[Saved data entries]

+++

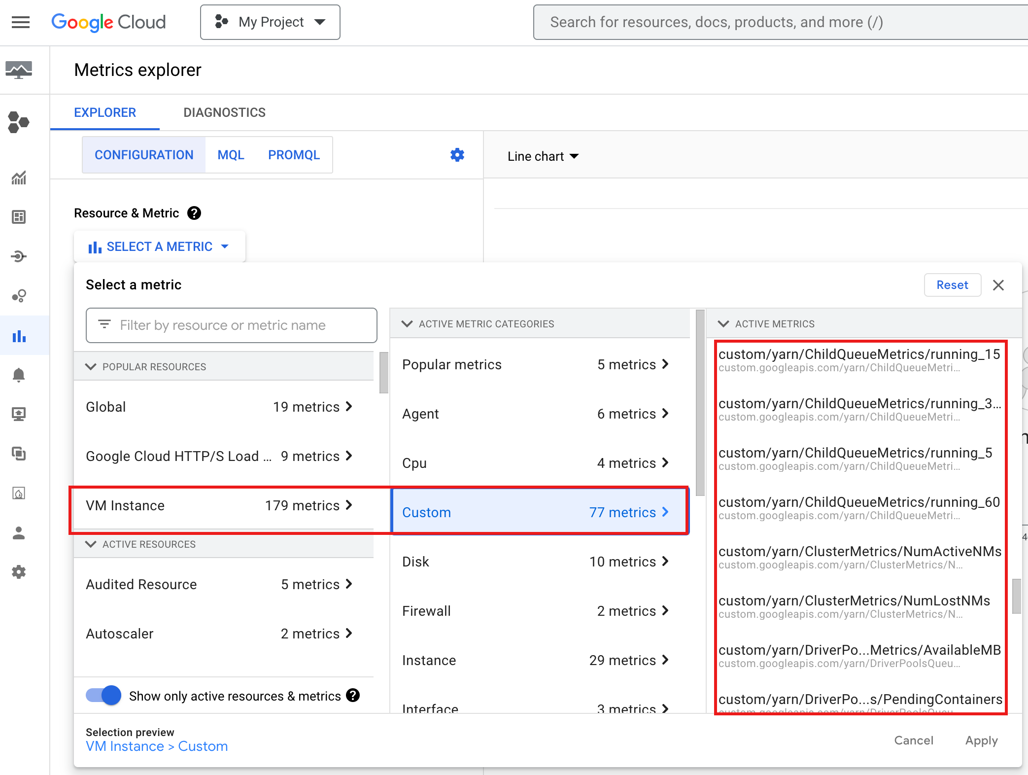 Select VM Instance → Custom resources in the Metrics Explorer.
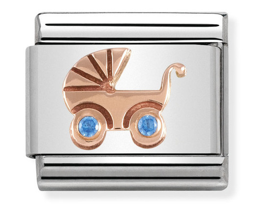 Nomination RoseGold Pram 430305-05 -korupala on valmistettu hopeanvärisestä ruostumattomasta teräksestä ja sen symboli on 9k punakultaa. Korupalassa on myös Swarovskin sinisiä zirkonia-koristekiviä. Nomination -korupaloille myönnetään kahden vuoden takuu ja ne toimitetaan valmistajan alkuperäisessä pakkauksessa!
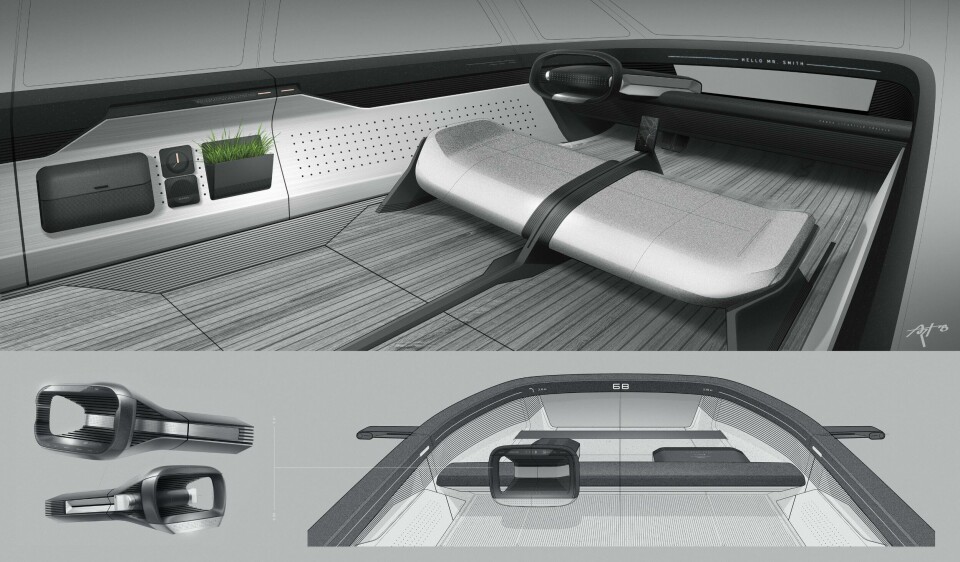 With the electric skateboard we are now past all of that. We can now open the automotive interior up to make one simple, minimalist room. We call it the urban loft on wheels; totally open totally spacious, totally clean. Give the customer what is needed – honestly, totally exposed, like pipes in a loft – and just take away the rest.”
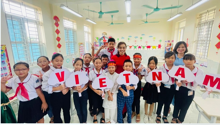 Pham Thi Ha, a teacher of English at Giao Thien Primary School, is the author of the initiative of arranging cross-border lessons.
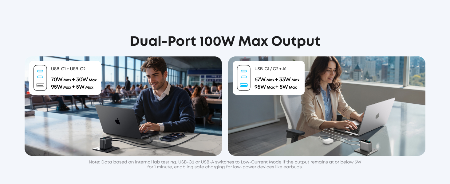 To activate 95W + 5W mode, the device connected to the USB-A port must meet low-current requirements—typically under 6V and 1A (e.g., headphones or smartwatches). If compatible, the charger will automatically switch to 95W + 5W mode after about 1 minute.
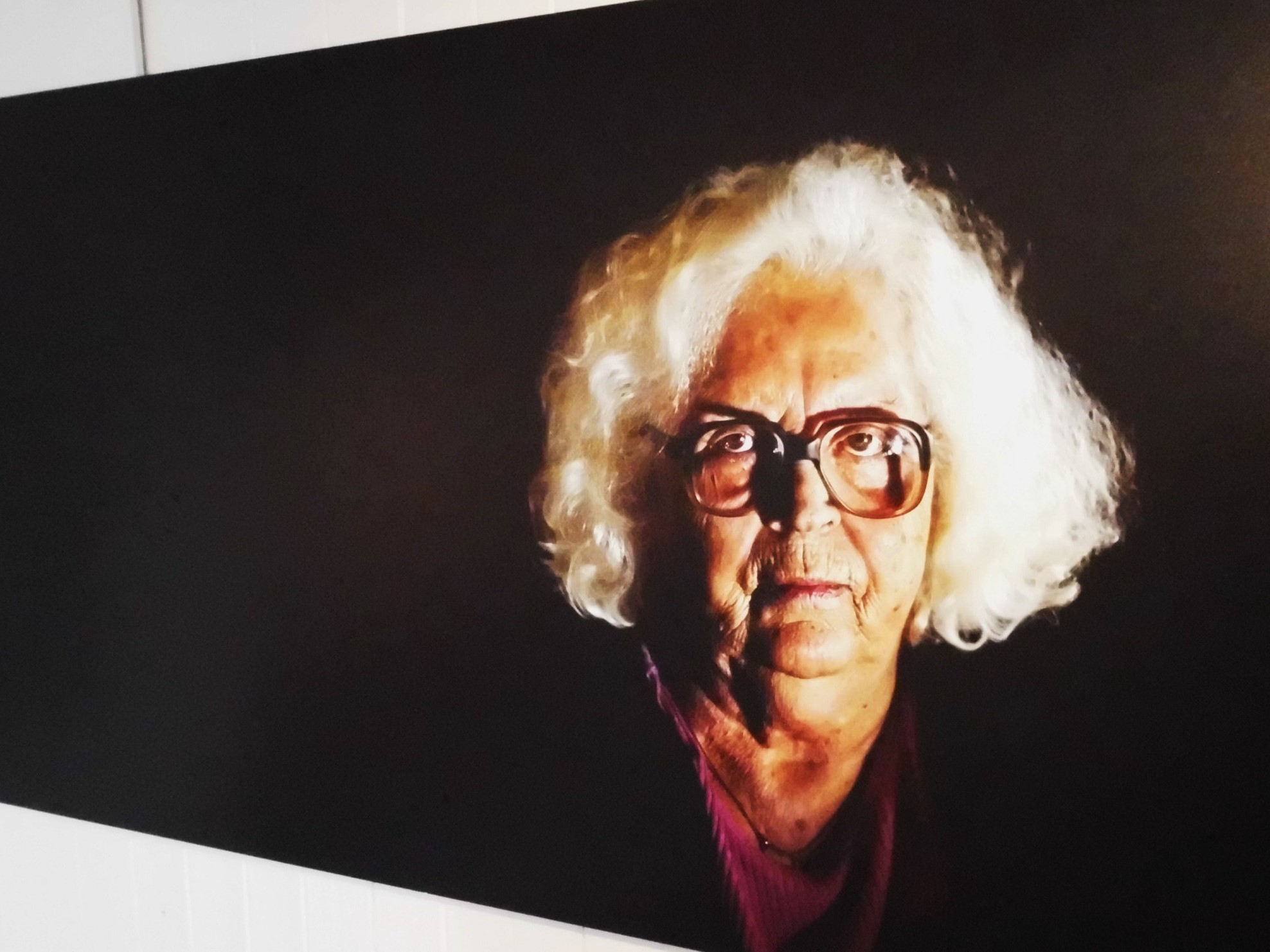 En nu hangt hier haar foto. Het gezicht van een oude vrouw, met strijklicht mooi uitgelicht op een zwarte achtergrond, rechts op een lange horizontale foto. Hij is er bij gaan zitten en kan niets anders dan staren naar dat gezicht.
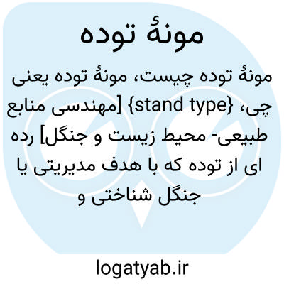 {stand type} [مهندسی منابع طبیعی- محیط زیست و جنگل] رده ای از توده که با هدف مدیریتی یا جنگل شناختی و معمولاً براساس ترکیب و ساختار و سن تعریف می شود
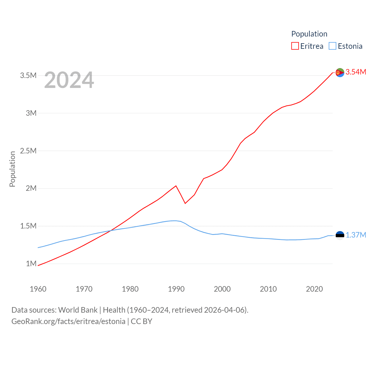 Eritrea has a population of 3.54M (ranked 131/197), compared with 1.37M in Estonia (ranked 153/197). Eritrea's land area is 46,787 sq mi versus 16,498 sq mi for Estonia (ranked 96th vs. 129th).
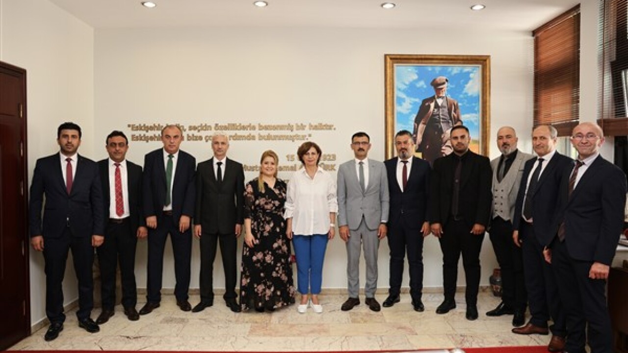 Eskişehir Servis Araçları İşletmecileri Odası Başkanı Muhammed Ahmetcan Günay, Sücaaddin Veli Kültür ve Turizm Derneği Başkanı Hasan Ali Uzun ve yönetim kurulu üyeleri Büyükşehir Belediye Başkanı Ayşe Ünlüce’yi ziyaret ederek, görevinde başarılar diledi.
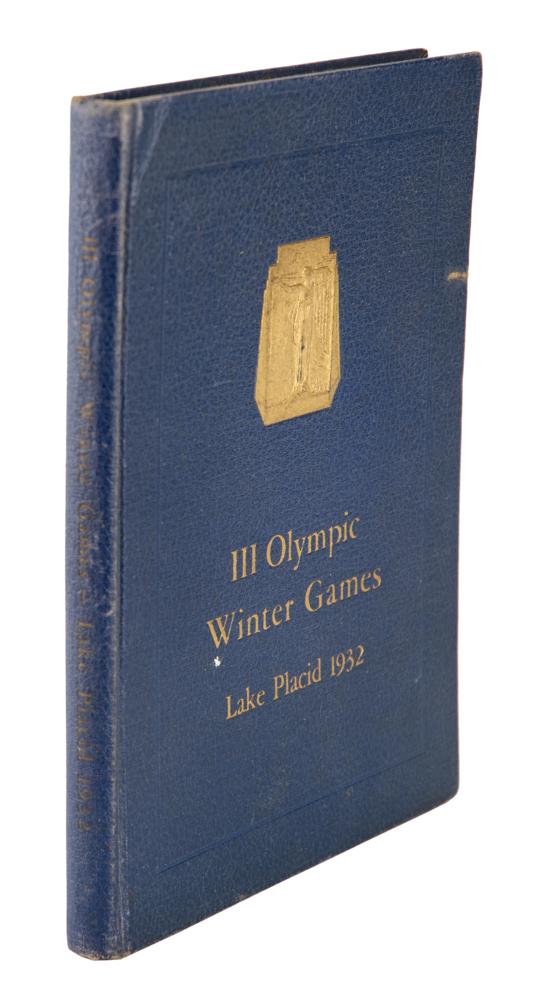 Scarce book: Official Report, III Winter Games, Lake Placid 1932. Issued by the III Olympic Winter Games Committee. Hardcover bound in original navy cloth with gilt titles and winner's medal emblem, 8 x 11, 209 pages. First free end page bears the ownership signature of Arthur N. Foxe, and his "The Skating Library" ink stamp. Book condition: VG/None, with some scuffing to boards and minor creasing to page extremities.
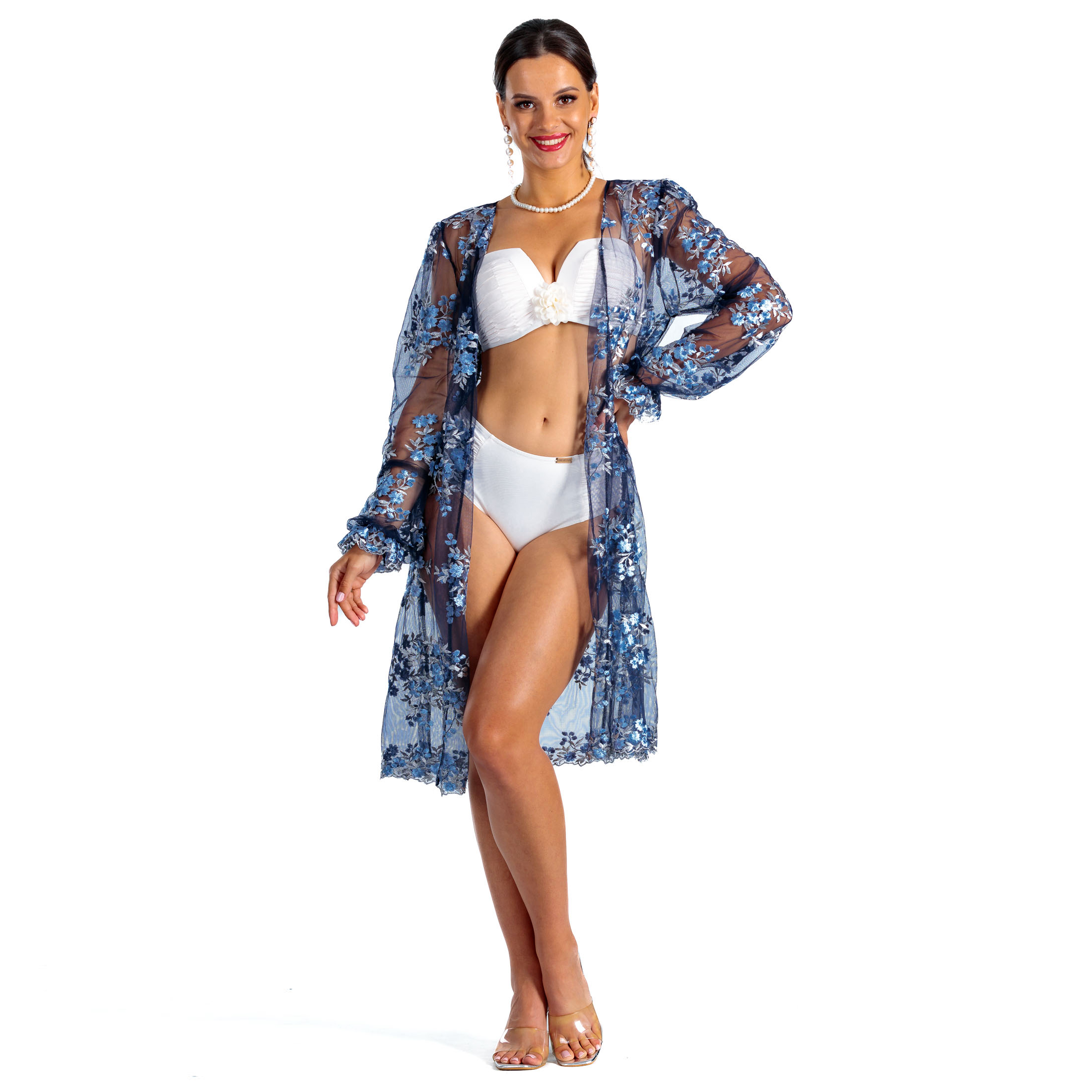 Centralnym punktem tego wyjątkowego modelu jest subtelna kwiatowa aplikacja, która dodaje całości romantycznego charakteru. To nie tylko element dekoracyjny – to symbol kobiecości i elegancji, który sprawia, że każde wyjście na plażę staje się wyjątkowym wydarzeniem.
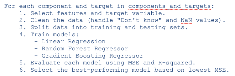 Objective: Train and evaluate machine learning models to predict a target variable within each component and determine the best-performing model.

+++

▶ _TASK GOAL_:
Copy word for word each line of the data above, from the first through the one containing "Pham Thi Ha, a", and include no pictures.

▶ _RESULT OF THE EXERCISE_:
 Select VM Instance → Custom resources in the Metrics Explorer.
 Nomination RoseGold Pram 430305-05 -korupala on valmistettu hopeanvärisestä ruostumattomasta teräksestä ja sen symboli on 9k punakultaa. Korupalassa on myös Swarovskin sinisiä zirkonia-koristekiviä. Nomination -korupaloille myönnetään kahden vuoden takuu ja ne toimitetaan valmistajan alkuperäisessä pakkauksessa!
 With the electric skateboard we are now past all of that. We can now open the automotive interior up to make one simple, minimalist room. We call it the urban loft on wheels; totally open totally spacious, totally clean. Give the customer what is needed – honestly, totally exposed, like pipes in a loft – and just take away the rest.”
 Pham Thi Ha, a teacher of English at Giao Thien Primary School, is the author of the initiative of arranging cross-border lessons.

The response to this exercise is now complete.